In court-released confidential memos, Pfizer (then Parke-Davis) admits why it chose to off-label market Neurontin (only approved for postherpetic neuralgia and adjunctive seizure therapy) for the unapproved indication of bipolar disorder. “The U.S. market for Bipolar Disorders is an attractive commercial opportunity that warrants clinical development of Neurontin. Based on the current patent situation, an investment in full clinical development is not recommended at this time since completion of two pivotal trials and regulatory filing and approval would occur close to patent expiration,” says the memo. Translation: It would take too long to get legal approval—our patent would expire. Instead, says the memo, “it is recommended to implement only an exploratory study in outpatients with bipolar disorders with the results highlighted through a peer reviewed publication.” Translation: Let’s not do the studies and plant some info in medical journals that looks like we did.

Pfizer paid a $430 million fine and signed a corporate integrity agreement for off-label marketing of Neurontin which was linked to wrongful deaths and suicides. But that did not stop Pfizer from off-label marketing Lyrica, sometimes called “son of Neurontin,” soon afterward. Who can say incorrigible?

Nor did Eli Lilly’s guilty plea in 2009 to the off-label promotion of the antipsychotic Zyprexa deter it from requesting permission from the FDA to market Zyprexa to children three months later. The FDA said—yes! At the same time, Pfizer and AstraZeneca also requested permission to market their antipsychotics, Geodon and Seroquel respectively, to kids though both agreed to off-label marketing those exact drugs months later.

Another off-label marketing scheme centered around the selective estrogen receptor modulator Evista. Eli Lilly, its manufacturer, had noted fewer incidences of breast cancer in an Evista trial and wanted to market it not just for its approved treatment of prevention of osteoporosis but for prevention of breast cancer. A group of doctors told Lilly the anticancer marketing claims were “an egregious stretch” and that Evista’s high risk of stroke canceled out any anticancer benefits.

Undaunted, Lilly armed 1000 of its drug reps with an off-label Evista sales plan to sell the unapproved use of breast cancer prevention. Drug reps were told to hide a disclosure page that said, “The effectiveness of [Evista] in reducing the risk of breast cancer has not yet been established,” and “All of the authors were either employees or paid consultants of Eli Lilly at the time this article was written,” according to the Department of Justice.

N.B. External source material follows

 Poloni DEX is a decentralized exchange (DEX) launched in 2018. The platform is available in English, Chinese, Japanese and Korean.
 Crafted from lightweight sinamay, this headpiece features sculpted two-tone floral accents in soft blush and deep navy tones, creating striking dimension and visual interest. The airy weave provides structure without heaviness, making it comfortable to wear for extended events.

Lilly was charged with a violation of the Food, Drug, and Cosmetic Act and ordered to pay a $36 million settlement for the off-label marketing. But Evista did receive approval to reduce the “risk of invasive breast cancer in postmenopausal women with osteoporosis and in postmenopausal women at high risk for invasive breast cancer.” The problem was the drug, marketed so freely for off-label uses, was far from safe. Prescribing information warned “Serious and life-threatening side effects can occur while taking EVISTA” and ads warned about “death due to stroke.” Its effectiveness was also not impressive. Patients were warned that Evista doesn’t “completely prevent breast cancer,” and “Breast examinations and mammograms should be done before starting Evista and regularly thereafter.”

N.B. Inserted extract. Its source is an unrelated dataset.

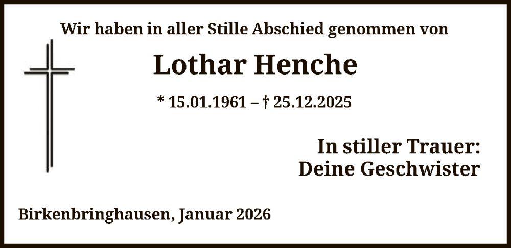 Hier finden Sie alle Traueranzeigen aus der Zeitung, die bisher für Lothar Henche erschienen sind. Weitere Traueranzeigen, die in der Zeitung erscheinen, werden hier ebenfalls aufgelistet
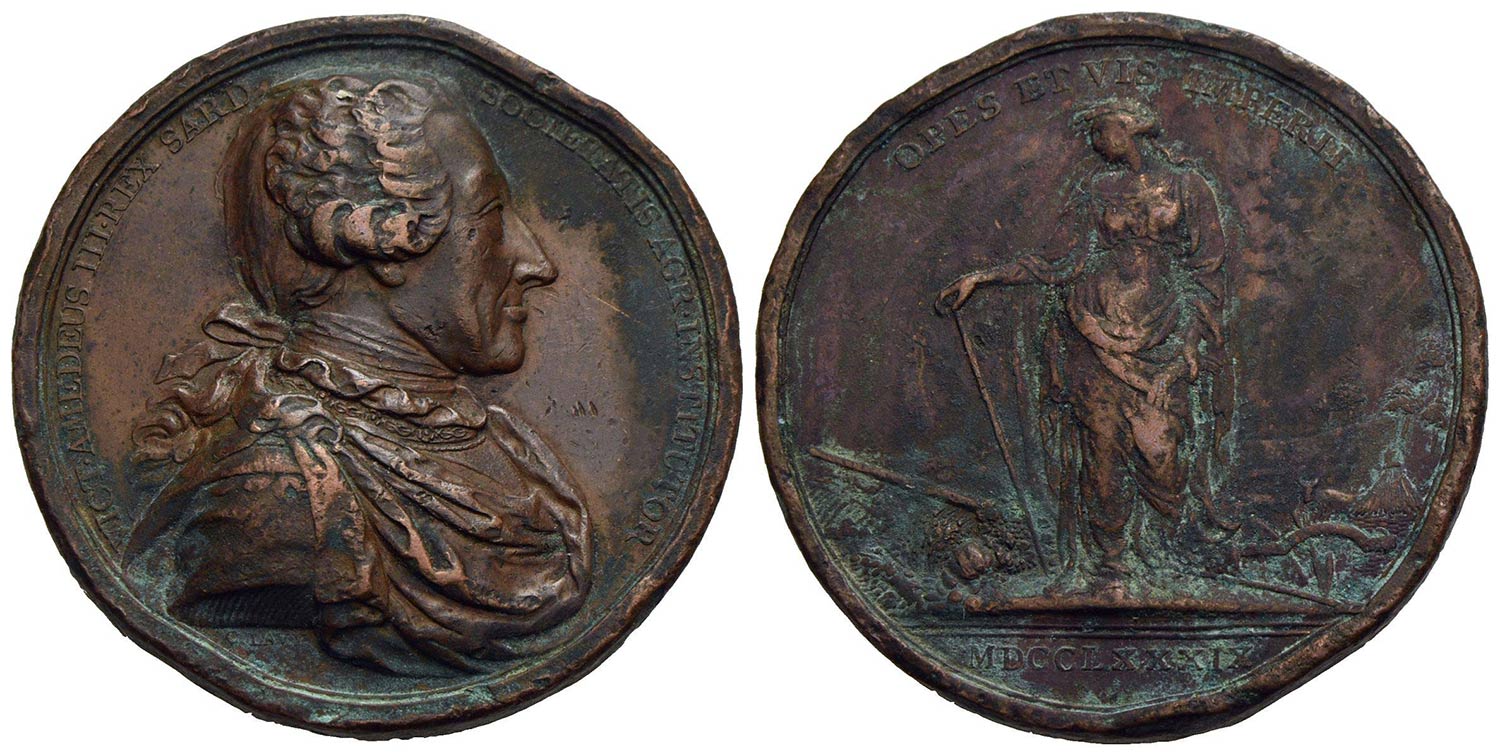 SAVOIA - Vittorio Amedeo III (1773-1796) - Medaglia - 1789 - Società l'agricoltura - Busto a d. - R/

Clearly, forgiveness is cheaper than permission for drug makers who consider such settlements the cost of doing business. But are drug sales pitches really “speech?” Can a “truthful and not misleading” determination really be made by the for-profit company selling the product? If drug companies’ product claims are protected under the First Amendment and they can sell directly to doctors and patients why even have an FDA?

Over 50 years ago, Big Pharma was also annoyed with the slow-paced FDA whose efforts to ensure drugs were safe cut into profits. One company even complained to an FDA official’s bosses that she was a petty bureaucrat. The company made thalidomide.